I agree, and I'm trying to find the cause it hasn't been easy. I
thought the test was still interesting because it otherwise seems
to work well, but hopefully I can find the issue before long.

Thanks,
Nick

>
> > 
> > Signed-off-by: Nicholas Piggin <npiggin@gmail.com>
> > ---
> >   tests/avocado/reverse_debugging.py | 28 +++++++++++++++++++++++++++-
> >   1 file changed, 27 insertions(+), 1 deletion(-)
> > 
> > diff --git a/tests/avocado/reverse_debugging.py b/tests/avocado/reverse_debugging.py
> > index 680c314cfc..553c931994 100644
> > --- a/tests/avocado/reverse_debugging.py
> > +++ b/tests/avocado/reverse_debugging.py
> > @@ -94,7 +94,7 @@ def gdb_bstep(g):
> >       def vm_get_icount(vm):
> >           return vm.qmp('query-replay')['return']['icount']
> >   
> > -    def reverse_debugging(self, shift=7, args=None):
> > +    def reverse_debugging(self, shift=7, args=None, initial_skip=False):
> >           logger = logging.getLogger('replay')
> >   
> >           # create qcow2 for snapshots
> > @@ -135,6 +135,10 @@ def reverse_debugging(self, shift=7, args=None):
> >               self.fail('Reverse continue is not supported by QEMU')
> >   
> >           logger.info('stepping forward')
> > +
> > +        if initial_skip:
> > +            self.gdb_step(g)
> > +
> >           steps = []
> >           # record first instruction addresses
> >           for _ in range(self.STEPS):
> > @@ -216,3 +220,25 @@ def test_aarch64_virt(self):
> >   
> >           self.reverse_debugging(
> >               args=('-kernel', kernel_path))
> > +
> > +class ReverseDebugging_ppc64(ReverseDebugging):
> > +    """
> > +    :avocado: tags=accel:tcg
> > +    """
> > +
> > +    REG_PC = 0x40
> > +
> > +    # unidentified gitlab timeout problem
> > +    @skipIf(os.getenv('GITLAB_CI'), 'Running on GitLab')

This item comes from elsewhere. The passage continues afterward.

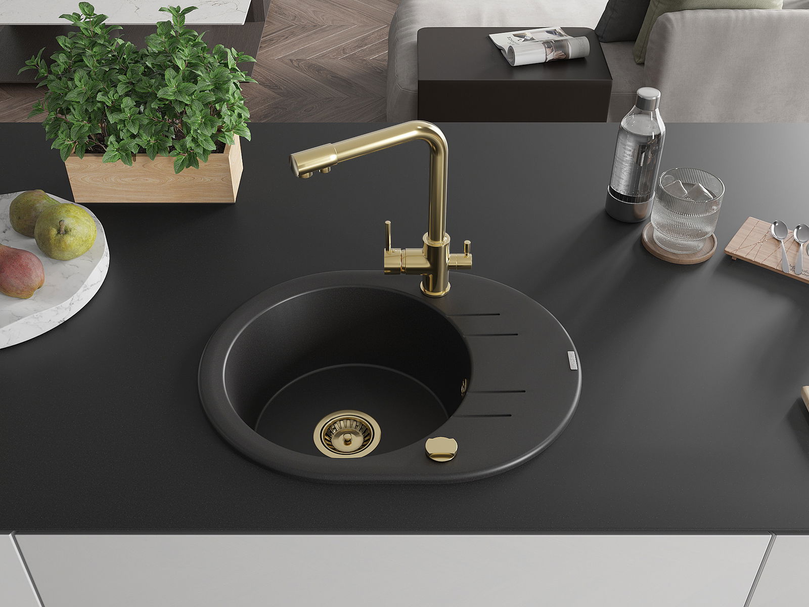Izlietnei ir 2 daļēji izurbtas atveres ar diametru 35 mm, kuras var pašrocīgi izsist. Tās var izmantot, piemēram, šķidruma dozatora uzstādīšanai, kas novērsīs plastmasas pudeļu klātbūtni virtuvē un piešķirs tai elegantu apdari.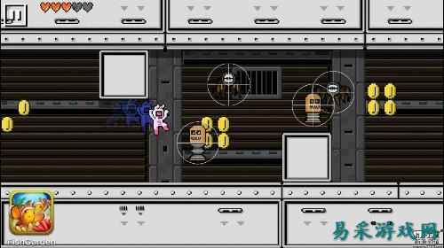 在游戏的路途中,你会看到金币,获得金币可以购买道具来帮兔子前进加速或者把尖刺去掉,但是去掉尖刺要3800个金币,难度非常高,必须要多刷几次游戏才行。值得一提的是游戏无关卡其实难度并不高,最难的关卡可以说是尖刺的关卡,玩家可以选择多刷其他四个关卡然后购买道具玩尖刺关卡。每个关卡的最后会出现BOSS,BOSS的生命值比较高,需要多打几次,兔子被BOSS打到或者碰到也会耗损生命值,所以打BOSS不仅要灵活移动还要快速释放子弹。

> > +    def test_ppc64_pseries(self):
> > +        """
> > +        :avocado: tags=arch:ppc64
> > +        :avocado: tags=machine:pseries
> > +        """
> > +        # start with BIOS only
> > +        self.endian_is_le = False
> > +        # reverse-continue fails (seems to end up at the start) if a break
> > +        # is put on the first instruction. initial_skip skips one before the
> > +        # first bp, and it works. Could be due to break at the same icount
> > +        # as the snapshot?
> > +        self.reverse_debugging(initial_skip=True)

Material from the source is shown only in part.